CAMBRIDGE, Mass. & BEIJING– BeiGene, Ltd. (NASDAQ: BGNE; HKEX: 06160), a global biotechnology company focused on developing and commercializing innovative medicines worldwide, today announced that BRUKINSA® (zanubrutinib) has received approval from the U.S. Food and Drug Administration (FDA) for the treatment of adult patients with Waldenström’s macroglobulinemia (WM).
“We are delighted by today’s FDA approval for BRUKINSA in its second indication, offering a new treatment option with demonstrated efficacy and safety benefits for patients with Waldenström’s macroglobulinemia. As shown in the ASPEN trial, BRUKINSA can improve treatment outcomes for these patients and potentially make a positive impact on their lives,” commented Jane Huang, M.D., Chief Medical Officer, Hematology at BeiGene.
Dr. Huang continued, “With 11 regulatory approvals in under two years, including two in the U.S., BRUKINSA is demonstrating its growing utility as a treatment option for B-cell malignancies and expanding its footprint to potentially benefit more patients worldwide. We will continue to evaluate BRUKINSA in its broad global clinical program and look forward to additional clinical evidence to establish its position as a potentially best-in-class medicine.”
“The ASPEN trial provided compelling evidence that BRUKINSA is a highly active BTK inhibitor in Waldenström’s macroglobulinemia, and compared to the first-generation BTK inhibitor, showed improved tolerability across a number of clinically important side effects. The approval of BRUKINSA provides an important new option for targeted therapy in Waldenström’s macroglobulinemia,” said Steven Treon, M.D., Ph.D., Director of the Bing Center for Waldenström’s Macroglobulinemia Research at the Dana-Farber Cancer Institute and Professor of Medicine at Harvard Medical School.
“The approval of BRUKINSA in Waldenström’s macroglobulinemia, which is the second therapy approved specifically for the treatment of this rare type of lymphoma, is positive news for patients. Expanded treatment options offer new hope for those living with this disease and can potentially improve patient experience, especially oral therapies that can be given as a single agent,” said Pete DeNardis, Chair of the Board at the International Waldenström’s Macroglobulinemia Foundation (IWMF).
The FDA’s approval of BRUKINSA in WM is primarily based on efficacy results from the multicenter, open-label Phase 3 ASPEN trial (NCT03053440) comparing BRUKINSA to ibrutinib in patients with WM. A total of 201 patients with a MYD88 mutation (MYD88MUT) were enrolled in the randomized Cohort 1.
The primary efficacy endpoint of the ASPEN trial was very good partial response (VGPR) rate in the overall intention-to-treat (ITT) population as assessed by independent review committee (IRC). Based on the modified Sixth International Workshop on Waldenström’s Macroglobulinemia (IWWM-6) response criteria (Treon 2015), the VGPR rate was 28% with BRUKINSA, compared to 19% with ibrutinib; based on the IWWM-6 response criteria (Owen et al 2013), the VGPR rate was 16% with BRUKINSA, compared to 7% with ibrutinib.
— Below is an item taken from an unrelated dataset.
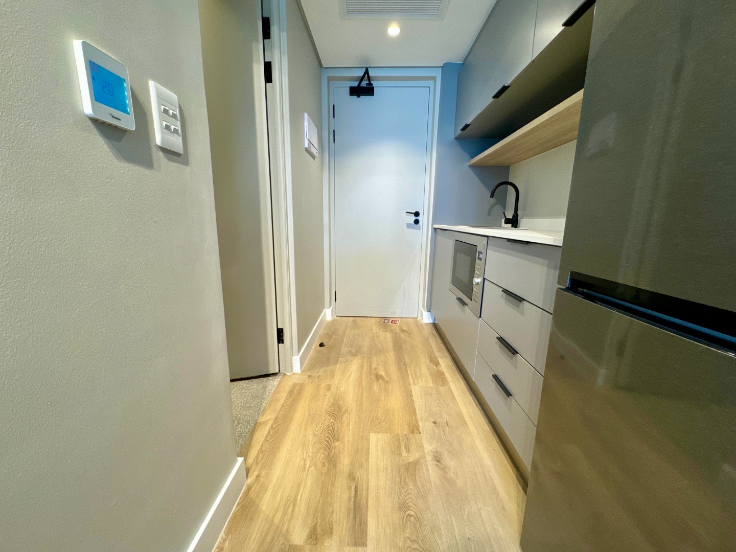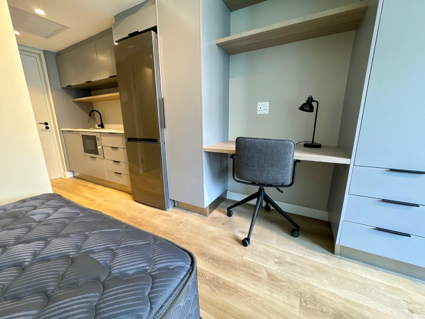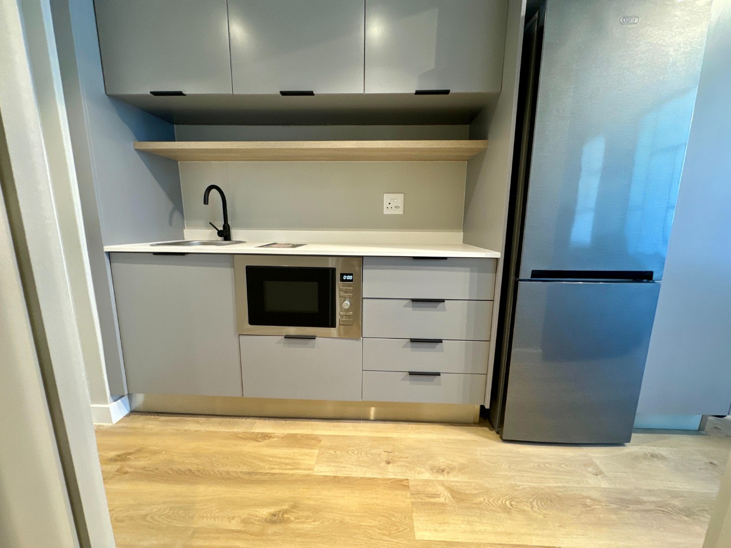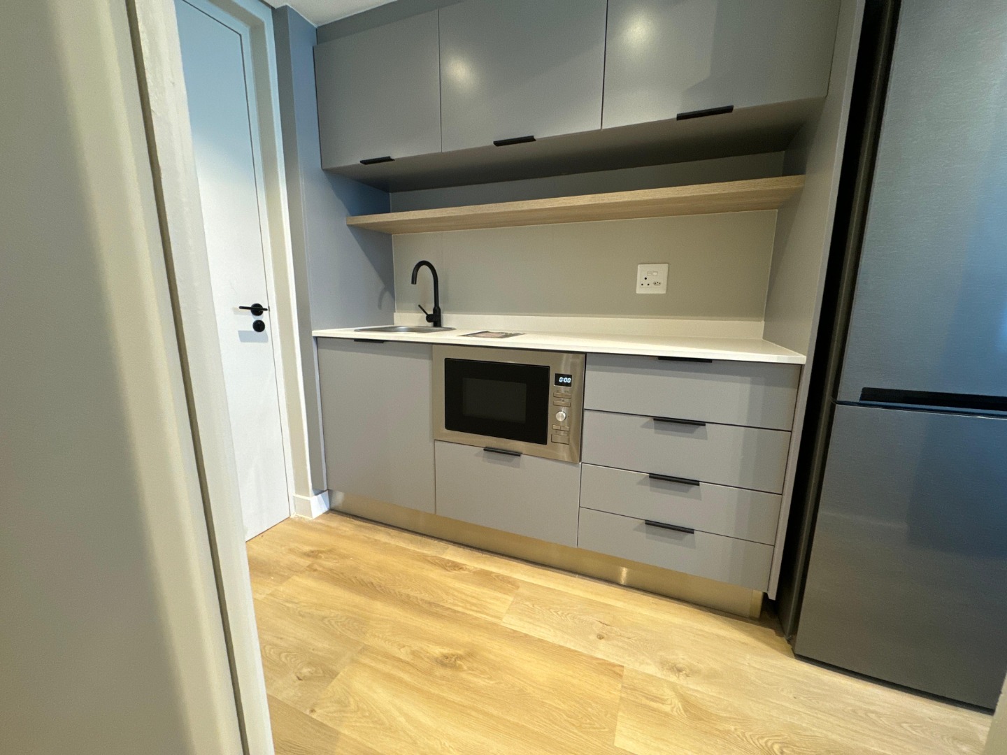 The well-appointed kitchenette is equipped with sleek grey

In the FDA-approved label, the major efficacy outcome is defined as response rate of partial response (PR) or better as assessed by IRC. Based on either IWWM-6 response criteria, the response rate was 78% with BRUKINSA (95% CI: 68, 85), compared to 78% with ibrutinib (95% CI: 68, 86), and the event-free duration of response (DoR) at 12 months was 94% with BRUKINSA (95% CI: 86, 98), compared to 88% with ibrutinib (95% CI: 77, 94).
The most common (≥20%) adverse reactions based on the pooled safety population of 779 patients were decreased neutrophil count, upper respiratory tract infection, decreased platelet count, rash, hemorrhage, musculoskeletal pain, decreased hemoglobin, bruising, diarrhea, pneumonia, and cough.
The recommended dose of BRUKINSA is either 160 mg twice daily or 320 mg once daily, taken orally with or without food. The dose may be adjusted for adverse reactions and reduced for patients with severe hepatic impairment and certain drug interactions.